Start of Recorded data

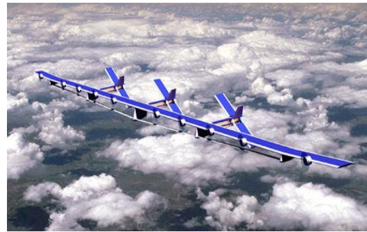
Figure 4 Loma's "Norma" UAV program
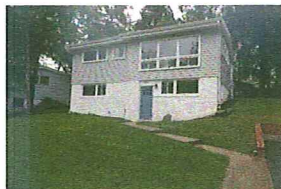
3917 Denfeld Ave Kensington/Rock Creek Palisades Active - $ 550,000
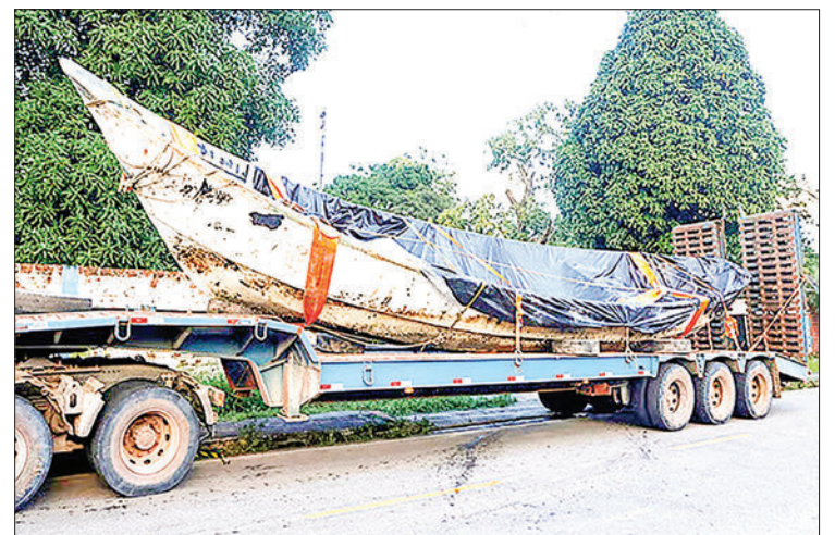
The boat was found near Braganca, northeast of Para, on 13 April, leading to the initiation of two investigations.

This is a developing story, more details are awaited. — ANI
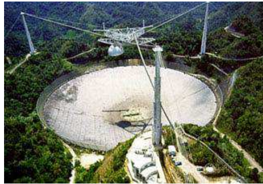
Fig. 2: The big radio telescope at Arecibo, a reference point for many SETI searches.

The search for extraterrestrial radio signals of artificial nature involves a detailed assessment of the following issues:
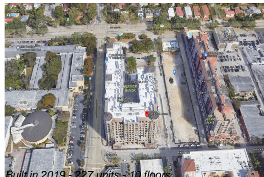
Built in 2019 - 227 units - 10 floors
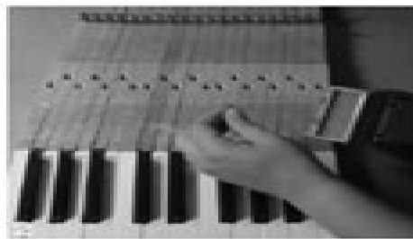
Tape between keys and buttons.
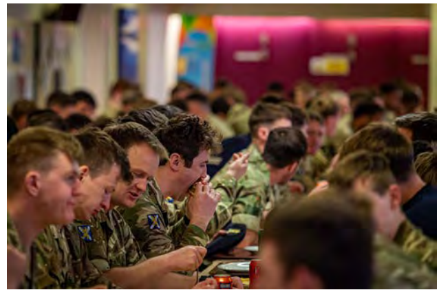
All ranks lunch

An all ranks lunch in the main dining facility followed, providing a welcome chance to relax and enjoy some lighthearted conversation. This also gave certain elders of the Regiment, notably the QM, the perfect opportunity to swing the lamp and regale the audience with tales of having served in all but one of the Regiment's Battalions, usually without allowing inconvenient facts to get in the way of a good story.
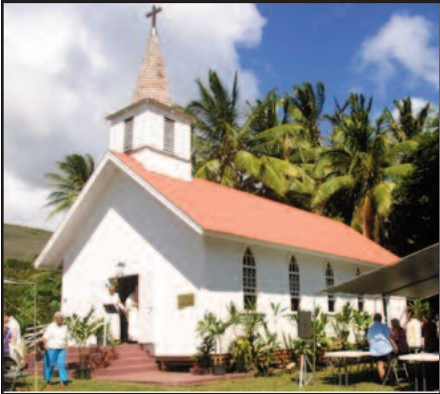
Photos: St. Joseph Church alter Damien built in 1876 with movable screen at top right of the communion rail which served as a confessional screen.
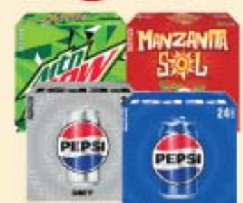
Pepsi 24 Pack, 12 oz.
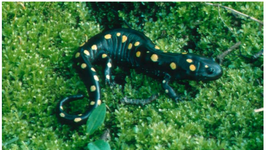
Top: Caddis flies and other aquatic insects spend their larval stage in streams, feeding on the algae, vegetation and decaying plant matter. The Brachycentris , a caddis fly found in headwater streams of eastern North America, constructs a protective case out of twigs, leaves and other debris.
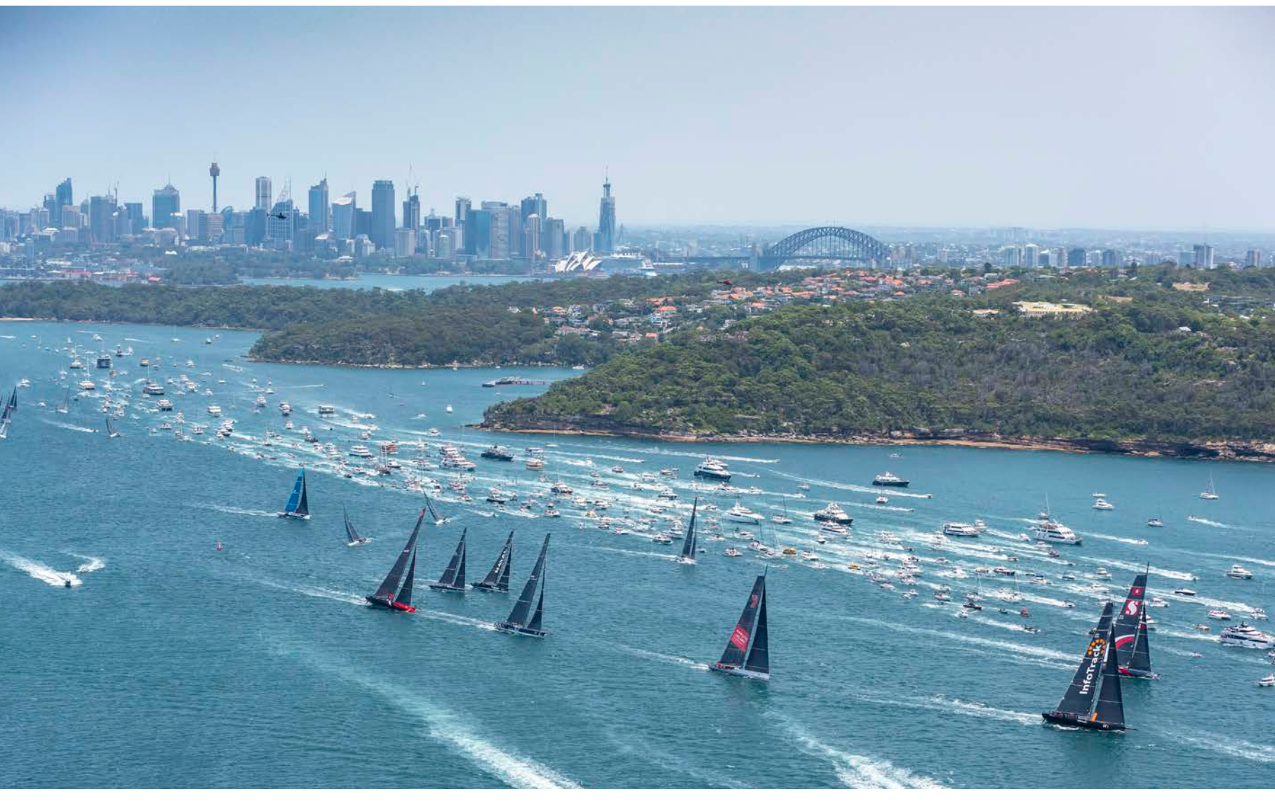
The spectacular 157 strong fleet draw a crowd to watch the action on Sydney Harbour.

The start was fantastic for us. It's always been my dream to be first out of the Heads.
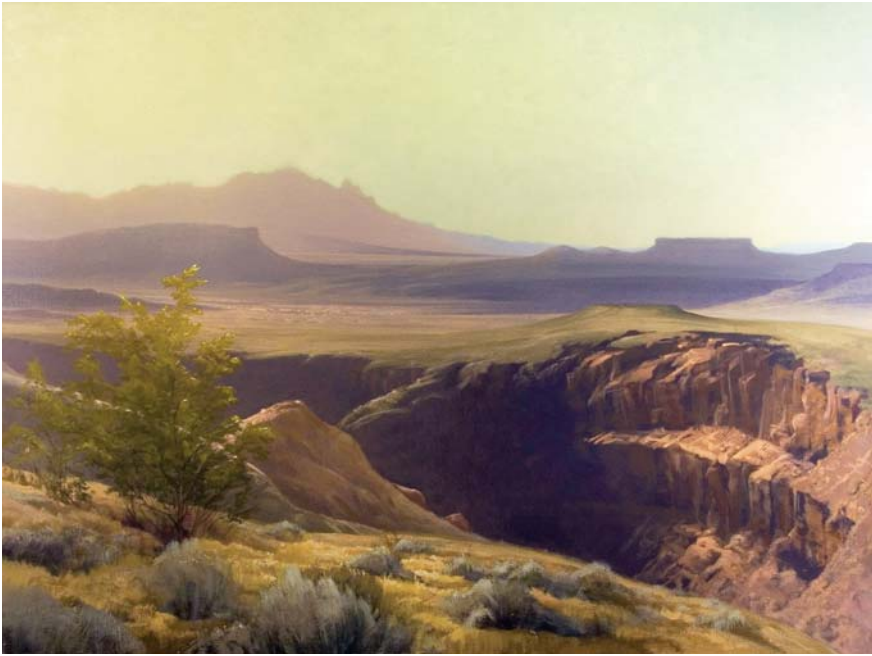
Morning Over Virgin, Utah, oil on canvas, 36 x 48"
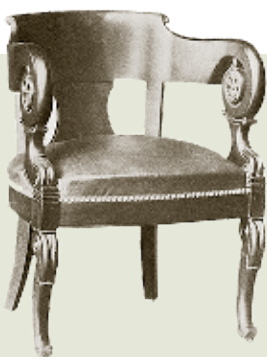
Round Arm Chair
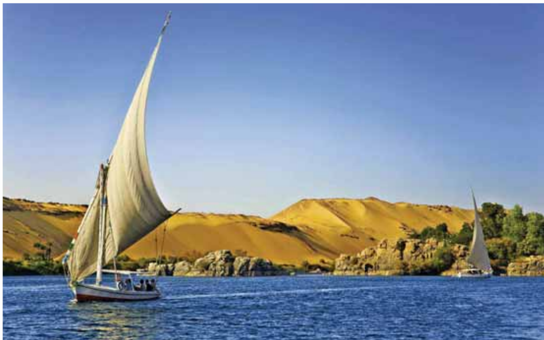
Feluccas on the Nile
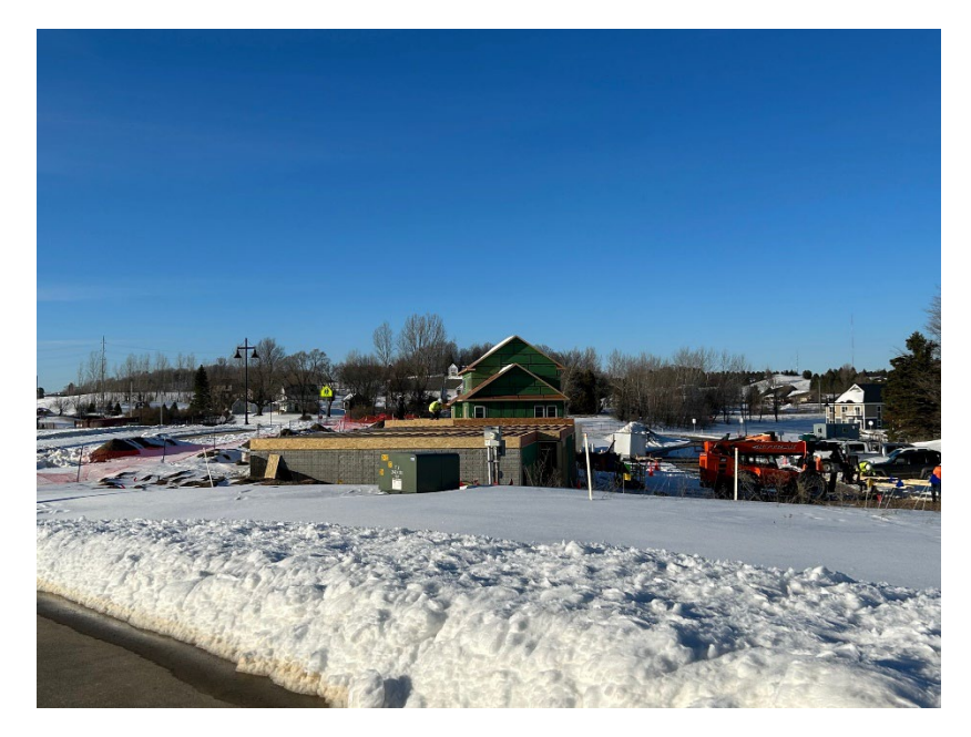
March 19, 2023
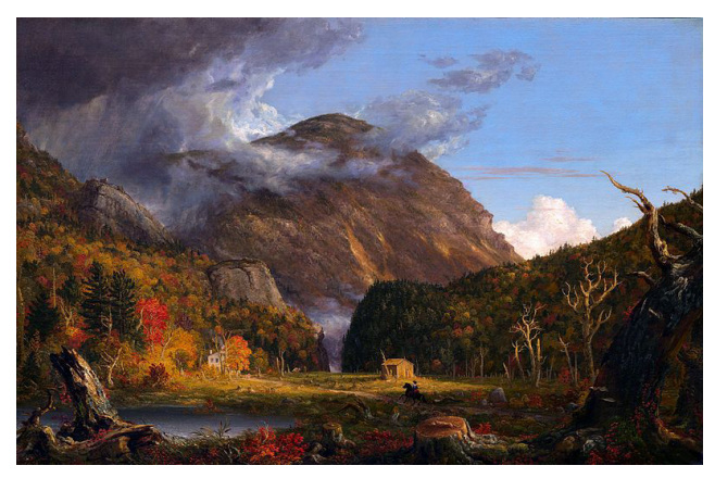
Crawford Notch (1839)

Poetry and Painting sublime and purify thought, by grasping the past, the present, and the future--they give the mind a foretaste of its immortality, and thus prepare it for performing an exalted part amid the realities of life. And rural nature is full of the same quickening spirit--it is, in fact, the exhaustless mine from which the poet and the painter have brought such wondrous treasures--an unfailing fountain of intellectual enjoyment, where all may drink, and be awakened to a deeper feeling of the works of genius, and a keener perception of the beauty of our existence. For those whose days are all consumed in the low pursuits of avarice, or the gaudy frivolities of fashion, unobservant of nature's loveliness, are unconscious of the harmony of creation.

End of Recorded data

Print the entries above exactly, taking out only the pictures.

Solution for this problem:
Figure 4 Loma's "Norma" UAV program
3917 Denfeld Ave Kensington/Rock Creek Palisades Active - $ 550,000
The boat was found near Braganca, northeast of Para, on 13 April, leading to the initiation of two investigations.

This is a developing story, more details are awaited. — ANI
Fig. 2: The big radio telescope at Arecibo, a reference point for many SETI searches.

The search for extraterrestrial radio signals of artificial nature involves a detailed assessment of the following issues:
Built in 2019 - 227 units - 10 floors
Tape between keys and buttons.
All ranks lunch

An all ranks lunch in the main dining facility followed, providing a welcome chance to relax and enjoy some lighthearted conversation. This also gave certain elders of the Regiment, notably the QM, the perfect opportunity to swing the lamp and regale the audience with tales of having served in all but one of the Regiment's Battalions, usually without allowing inconvenient facts to get in the way of a good story.
Photos: St. Joseph Church alter Damien built in 1876 with movable screen at top right of the communion rail which served as a confessional screen.
Pepsi 24 Pack, 12 oz.
Top: Caddis flies and other aquatic insects spend their larval stage in streams, feeding on the algae, vegetation and decaying plant matter. The Brachycentris , a caddis fly found in headwater streams of eastern North America, constructs a protective case out of twigs, leaves and other debris.
The spectacular 157 strong fleet draw a crowd to watch the action on Sydney Harbour.

The start was fantastic for us. It's always been my dream to be first out of the Heads.
Morning Over Virgin, Utah, oil on canvas, 36 x 48"
Round Arm Chair
Feluccas on the Nile
March 19, 2023
Crawford Notch (1839)

Poetry and Painting sublime and purify thought, by grasping the past, the present, and the future--they give the mind a foretaste of its immortality, and thus prepare it for performing an exalted part amid the realities of life. And rural nature is full of the same quickening spirit--it is, in fact, the exhaustless mine from which the poet and the painter have brought such wondrous treasures--an unfailing fountain of intellectual enjoyment, where all may drink, and be awakened to a deeper feeling of the works of genius, and a keener perception of the beauty of our existence. For those whose days are all consumed in the low pursuits of avarice, or the gaudy frivolities of fashion, unobservant of nature's loveliness, are unconscious of the harmony of creation.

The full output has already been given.